Zumut­bare Belas­tung Von den Auf­wen­dun­gen ist eine zumut­bare Belas­tung abzu­zie­hen. Die Bemes­sungs­grund­lage der zumut­ba­ren Belas­tung rich­tet sich nach der Höhe des Gesamt­be­trags der Ein­künfte und dem Fami­li­en­stand. Wei­ter ist die Zahl der im Ver­an­la­gungs­zeit­raum zu berück­sich­ti­gen­den Kin­der von Bedeu­tung. So beträgt die zumut­bare Belas­tung bei einem Gesamt­be­trag der Ein­künfte bis 15.340 Euro bei einem Ledi­gen ohne Kin­der 5 % des Gesamt­be­trags der Ein­künfte. Hat die­ser Steu­er­pflich­tige jedoch ein Kind, sinkt der Eigen­an­teil auf 2 %. Je nach Fami­li­en­stand und der Höhe des Gesamt­be­trags der Ein­künfte reicht die zumut­bare Belas­tung von 1-7 % des Gesamt­be­trags der Ein­künfte.
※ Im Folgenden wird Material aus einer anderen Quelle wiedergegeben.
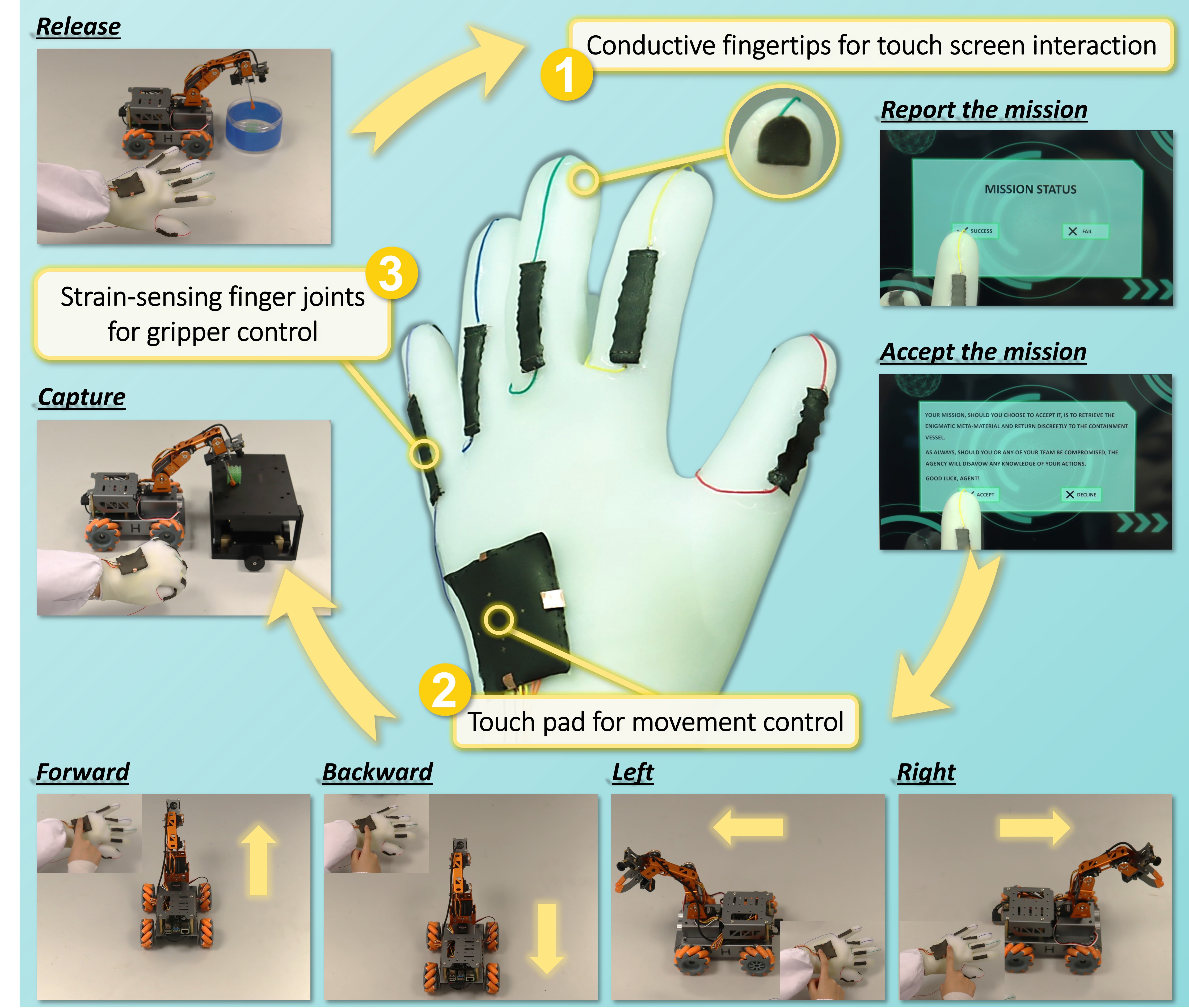 Fig. 6 Demonstration of a multi-functional smart sensing glove that integrates conductive fingertips, touch pad, and strain sensors using the composite organo-hydrogels for touch screen interaction and robotics control.
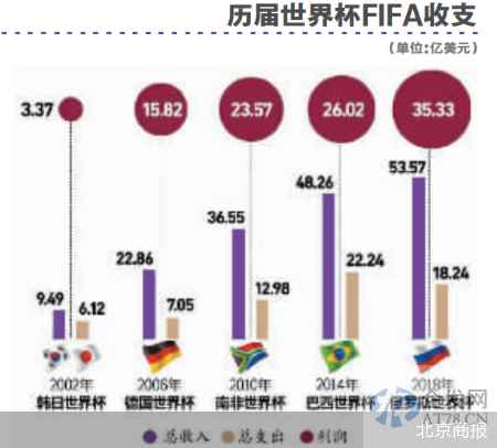 与主办国不同,对于国际足联来说,世界杯是低投入高回报的赚钱良机。据了解,国际足联无需支付场地和基础设施费用,只需承担东道国组委会的费用、比赛奖金、球队备战等杂项费用。今年,国际足联预计将花费17亿美元,其中包括4.4亿美元的奖金和每支球队150万美元的备战费用。

Wir­kung der außer­ge­wöhn­li­chen Belas­tun­gen Die außer­ge­wöhn­li­chen Belas­tun­gen wer­den in Höhe des Teils der Auf­wen­dun­gen, der die zumut­bare Belas­tung über­steigt, vom Gesamt­be­trag der Ein­künfte abge­zo­gen.

Exkurs: Pro­zess­kos­ten als außer­ge­wöhn­li­che Belas­tun­gen Die Frage, ob Pro­zess­kos­ten außer­ge­wöhn­li­che Belas­tun­gen sind, beschäf­tigt die Finanz­ver­wal­tung und die Finanz­ge­richte schon seit meh­re­ren Jah­ren.

Der Bun­des­fi­nanz­hof hat in 2011 seine Recht­spre­chung zuguns­ten der Steu­er­pflich­ti­gen geän­dert und bestimmt, dass Zivil­pro­zess­kos­ten außer­ge­wöhn­li­che Belas­tun­gen sein kön­nen, wenn die beab­sich­tigte Rechts­ver­fol­gung oder -ver­tei­di­gung die hin­rei­chende Aus­sicht auf Erfolg bie­tet, einen ange­mes­se­nen Betrag nicht über­schrei­tet, aus der Sicht eines Drit­ten nicht mut­wil­lig erscheint. Die Finanz­ver­wal­tung hat diese posi­tive Recht­spre­chung jedoch nicht ange­wen­det.